The bigger picture: While the Trump administration may have performed poorly, the U.S. has experienced worsening health conditions for decades, the authors say, with life expectancy falling starting in 2014. “The US has fared so badly with this pandemic, but the bungling can’t be attributed only to Mr Trump, it also has to do with these societal failures,” Dr. Mary Bassett of Harvard University, who served on the panel, told the Guardian. “That’s not going to be solved by a vaccine.”

The authors charge that 40 years of neoliberal policies have created a two-tier society that fails to deliver social goods to large swaths of the population, making it harder to respond to a global pandemic. “Despite a booming stock market and low unemployment, many people living in the USA were forced into precarious jobs that offered low pay and insufficient benefits.

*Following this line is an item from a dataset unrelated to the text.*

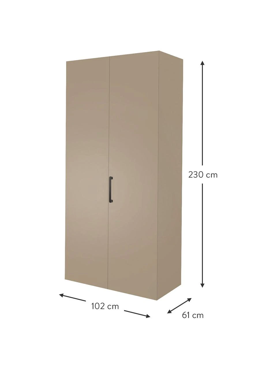 B 102 cm, H 230 cm, T 61 cm

This widening income inequality has widened inequalities in health,” they say.

The authors argue that undoing the four-decade assault on the welfare state, which culminated in the election of Donald Trump, is the key to rebuilding the institutions and capabilities that could help the country respond effectively to a pandemic while improving public health more broadly.

“The overriding thing that we need to do in our country is to decrease the huge and widening inequalities that have emerged in our nation,” Dr. David Himmelstein of the City University of New York's Hunter College told USA Today.